EXERCISE GOAL:
Starting with the line that holds "Gray-Black-Green Polyester Wool", repeat each line through the last one below, exactly. Pictures stay out.

Data entries:

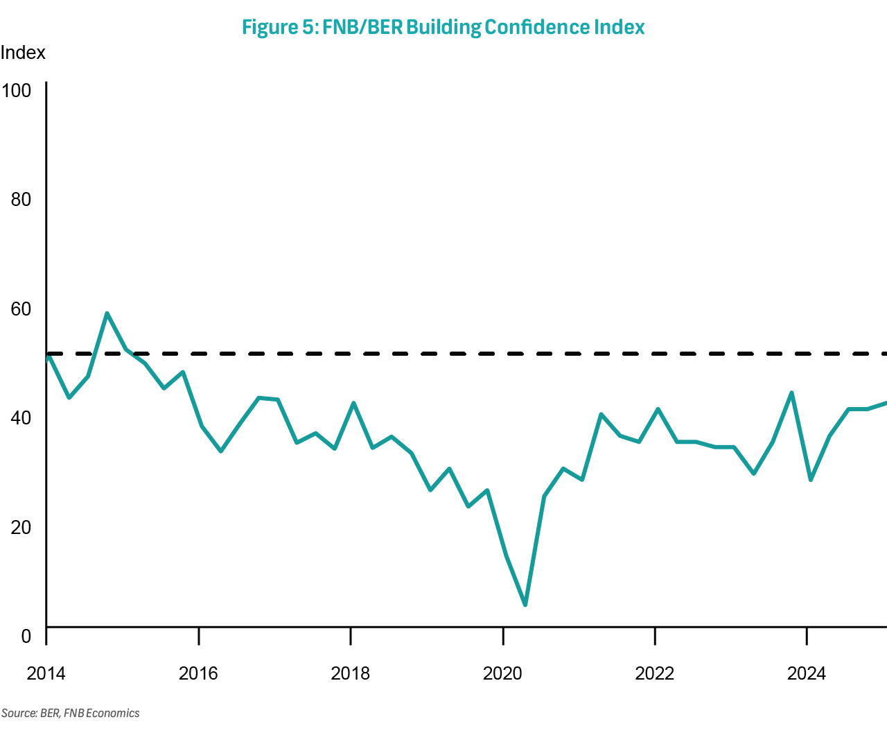 On Monday, the FNB/BER Building Confidence Index for 2Q25 will be published. The index registered a marginal increase to 41 points in 1Q25 from 40 points previously, reflecting largely stable but persistently subdued sentiment within the building sector. Subsector performance was mixed: hardware retailers, quantity surveyors, and building subcontractors reported higher confidence in the first quarter, while main contractors, architects, and building material manufacturers experienced declines. Despite a contraction in main contractor activity, optimism regarding near-term prospects remained, corroborated by increased architect activity, which is indicative of potential future demand. However, concerns regarding municipal inefficiencies and the potential for unfulfilled expectations pose risks to the near-term outlook.
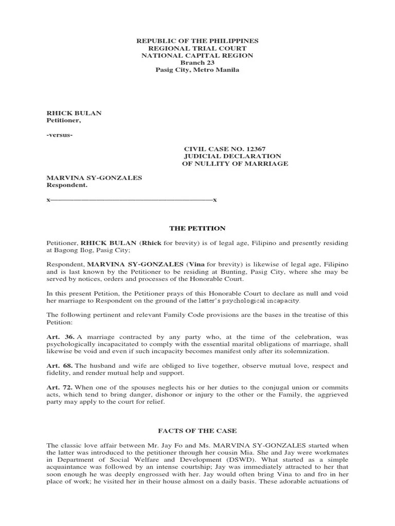 Petition For Annulment Sample PDF Intimate Relationships Marriage
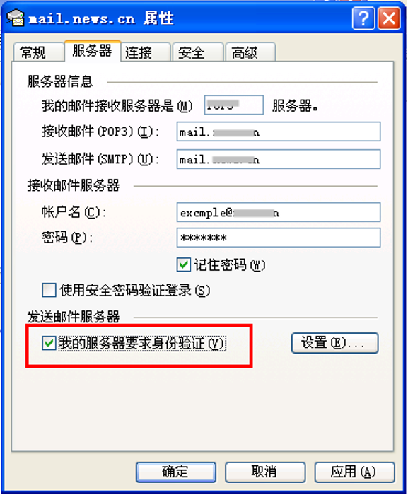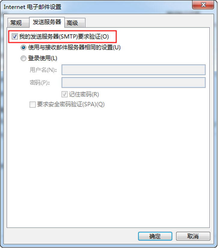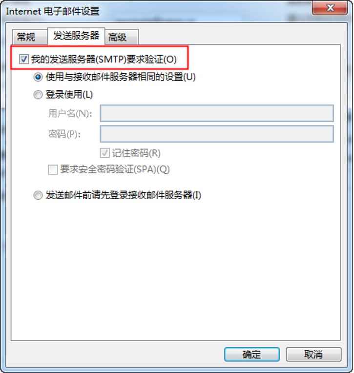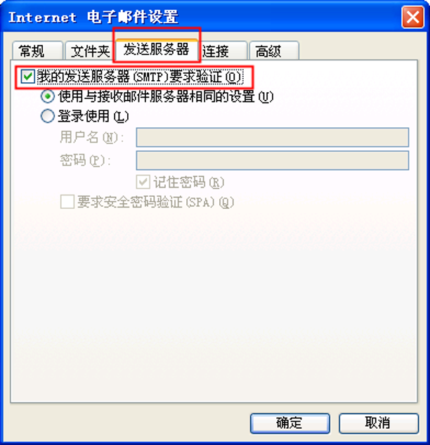 5.2在【服务器】页签下,勾选【我的服务器要求身份验证(V)】,如下图:
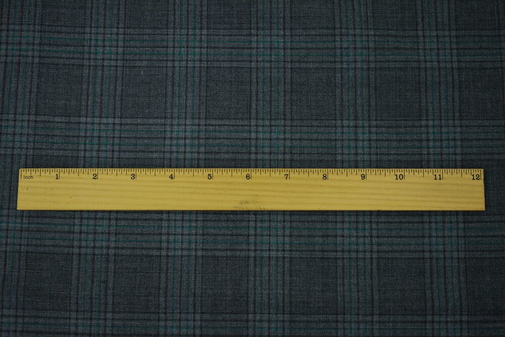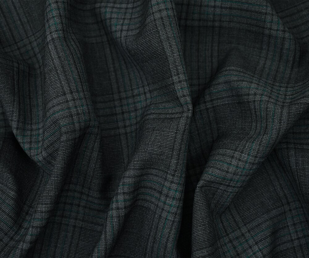 Gray-Black-Green Polyester Wool Blend Plaid Woven Shirting Fabric By the Yard
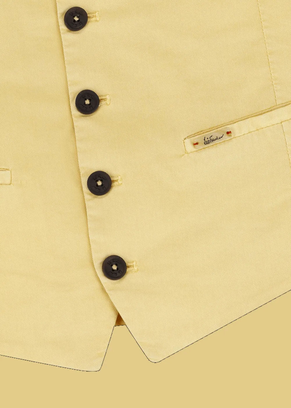 - Diese einreihige Weste im Regular Fit mit V-Ausschnitt besteht aus stückgefärbter Baumwolle mit Stretchanteil und ist ein schlichtes, leicht zu kombinierendes Basic. Sie hat eine 6-Button-Front mit Knöpfen aus echter Steinnuss, sowie vier Paspeltaschen.
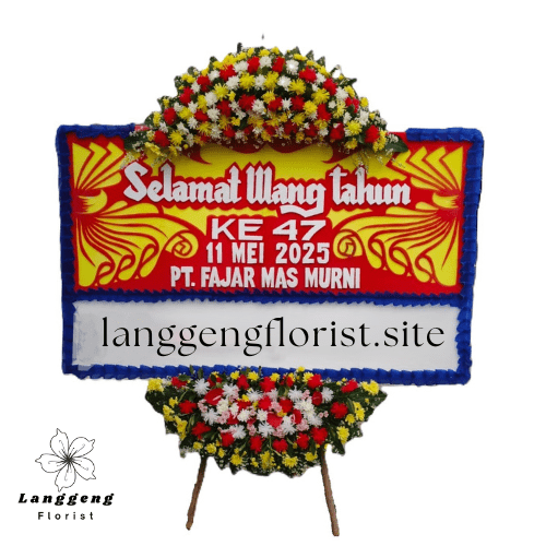 Berikan ucapan selamat ulang tahun yang berkesan untuk rekan bisnis, klien, atau mitra usaha Anda melalui Bunga Papan Ulang Tahun Perusahaan (PT) berukuran 1,2 x 2 meter, dengan desain eksklusif ukiran tirai di kanan kiri ucapan. Kombinasi warna merah dan kuning memberikan kesan hangat, energik, dan penuh semangat.
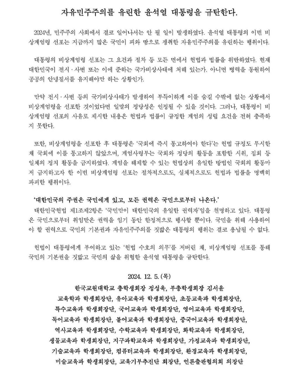 [기타]한국교원대학교 총학생회 성명서 작성자김소원|작성시간24.12.06|조회수953 목록 댓글 1 글자크기 작게가 글자크기 크게가 현재 교대련도 준비중tmi 한국교원대는 사범대+교대...종합대인데 종합대아닌느낌 다음검색 현재 게시글 추가 기능 열기 북마크 공유하기 신고 센터로 신고 댓글 댓글 1 댓글쓰기 답글쓰기 댓글 리스트 작성자흐어엉어어 | 작성시간 24.12.06 고맙습니다.... 댓글 전체보기
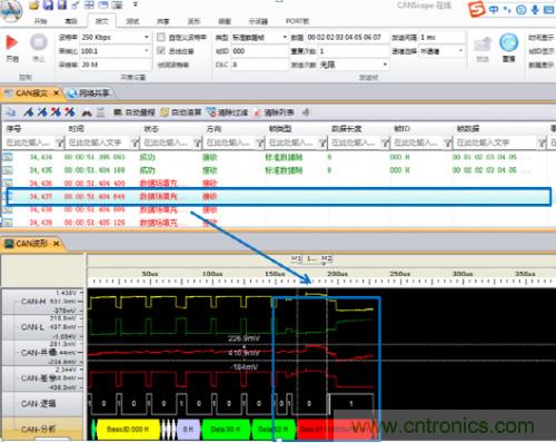 使用一個CAN卡發送ID為000H數據為01020304050607H的CAN幀,使用另一個CAN卡發送ID為000H數據為02020304050607H的CAN幀。CANScope監聽的數據如圖3所示,可以觀察到有大量的數據場填充錯誤。
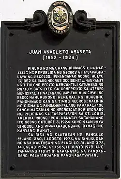 - ^ "On 100th death anniversary, Juan Araneta honored as both revolutionary and farming hero". Rappler. 2024-10-05. Retrieved 2024-10-05.

EXERCISE ANSWER:
 Gray-Black-Green Polyester Wool Blend Plaid Woven Shirting Fabric By the Yard
 - Diese einreihige Weste im Regular Fit mit V-Ausschnitt besteht aus stückgefärbter Baumwolle mit Stretchanteil und ist ein schlichtes, leicht zu kombinierendes Basic. Sie hat eine 6-Button-Front mit Knöpfen aus echter Steinnuss, sowie vier Paspeltaschen.
 Berikan ucapan selamat ulang tahun yang berkesan untuk rekan bisnis, klien, atau mitra usaha Anda melalui Bunga Papan Ulang Tahun Perusahaan (PT) berukuran 1,2 x 2 meter, dengan desain eksklusif ukiran tirai di kanan kiri ucapan. Kombinasi warna merah dan kuning memberikan kesan hangat, energik, dan penuh semangat.
 [기타]한국교원대학교 총학생회 성명서 작성자김소원|작성시간24.12.06|조회수953 목록 댓글 1 글자크기 작게가 글자크기 크게가 현재 교대련도 준비중tmi 한국교원대는 사범대+교대...종합대인데 종합대아닌느낌 다음검색 현재 게시글 추가 기능 열기 북마크 공유하기 신고 센터로 신고 댓글 댓글 1 댓글쓰기 답글쓰기 댓글 리스트 작성자흐어엉어어 | 작성시간 24.12.06 고맙습니다.... 댓글 전체보기
 使用一個CAN卡發送ID為000H數據為01020304050607H的CAN幀,使用另一個CAN卡發送ID為000H數據為02020304050607H的CAN幀。CANScope監聽的數據如圖3所示,可以觀察到有大量的數據場填充錯誤。
 - ^ "On 100th death anniversary, Juan Araneta honored as both revolutionary and farming hero". Rappler. 2024-10-05. Retrieved 2024-10-05.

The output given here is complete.